It was sorted, then. She was going to ignore the assignment – including thinking about it or reading the handout – for as long as possible. She envied Lucy, in no state to think of it at all.

"I'll take the Crockett girl now, Miss Oloi, if you don't mind," came a voice from somewhere behind her.

Saskia spun around, her already weebly head wobbling from the quickness of the motion. There Jaime stood in the threshold, looking mighty blond and attractive and Prince Charming from Shrek-y in his blood-stained white cloak as, for the millionth time that day, he was staring right at her, beckoning with his golden hand.

She had had enough of Jaime fookin' Lannister for a day— for a year, more like, or for eternity.

"Take me?"

Jaime grinned. "No need to be frightened, Miss Crockett. I'll return you in one piece."

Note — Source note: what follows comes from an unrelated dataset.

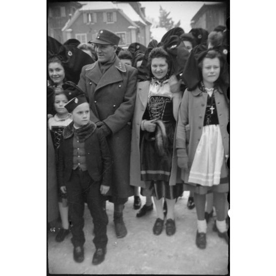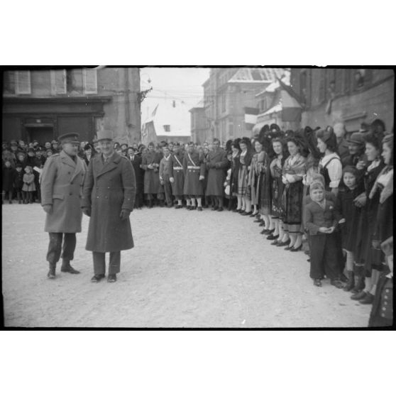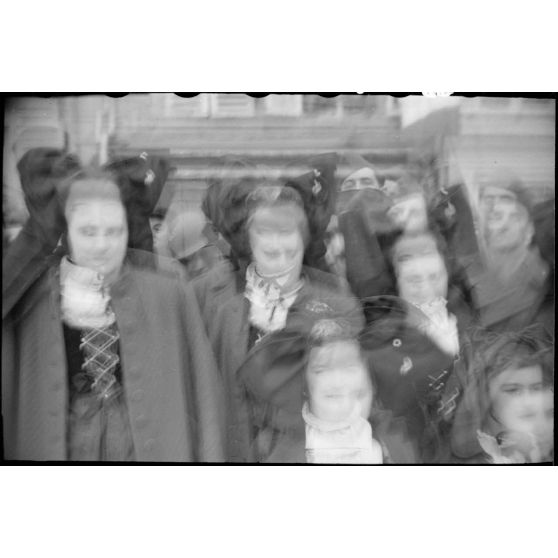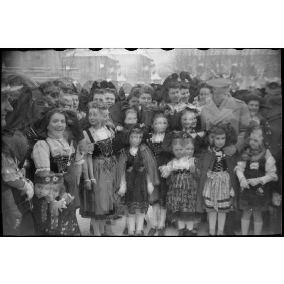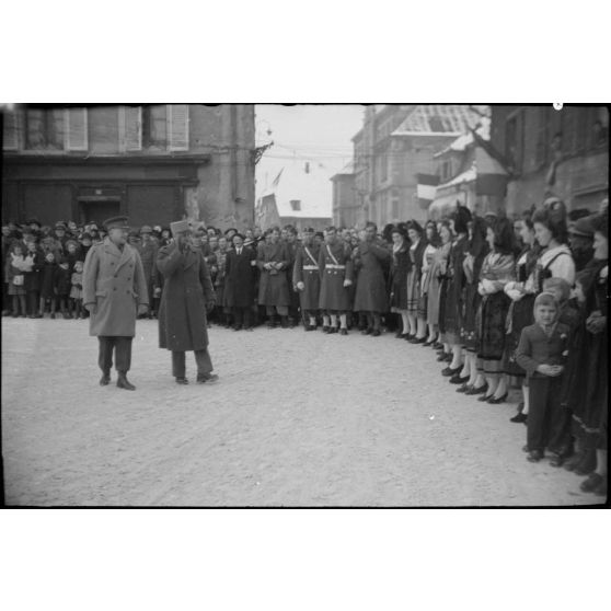 Jeunes femmes et enfants vêtus du costume traditionnel alsacien lors d'une cérémonie militaire à Masevaux.

"Best not return that little shit at all. Shits belong in the dirt," the Hound grunted, poking his head in the room. "Salad Postlethwaite, with me, now. Regardin' Flannery. Not killin' you, either, but can't say I'm not tempted."

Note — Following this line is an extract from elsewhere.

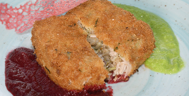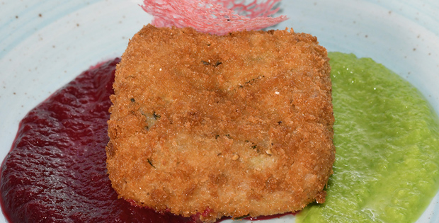 Corazón de alcachofa con secreto ibérico cocinado a baja temperatura y empanado sobre crema de guisantes.

Sandor didn't even wait for Letty to rise and leave the classroom as Saskia had with Jaime, and sauntered over to her desk, grabbing her by the arm and marching her away.

"I'm not – ow! - called Salad! Let me go!"

"Lettice's close enough. Who thecuntin' fuck calls their daughter after produce?"

"It's L-E-T-T-I-C-E! With an I! Ow!"

"Loads of lettuce with a U in my garden out back. Might be I'll plant a Lettice with an I if it don't listen any!"

"What're you going to do to me?" Saskia whispered to Jaime once he'd led her gently outside the classroom. He was gesturing rather severely to a cupboard as if to usher her inside.

"Do to you, Miss Crockett? Nothing but question you."

"Right here? Now? In… in a cupboard?"

"Precisely."

"It's not as if I'm putting you on trial before my father or the Faith. Just an inquest in the case of a Sophie Melissa Jones of Auckland, New Zealand— deceased this morning, as you witnessed. A fortunate but annoying matter of Official Fanfiction University of Westeros policy when someone dies."

"You were there, so…. isn't this, like, a… conflict of interest or something?"

"And who else would you or my lord father prefer to have do this?"

…Someone who didn't want to drag her off to dark and spidery cupboards, for sure. All the same, she let Jaime lead her inside, sat down on a rickety stool by the light of a tiny glassless window at the back of the cupboard, hunched over in defence.

"Truly, I am not going to kill you. I am not Ramsay Snow." Well, that was mildly reassuring. "In your own words, and honestly, what happened in Archery today?"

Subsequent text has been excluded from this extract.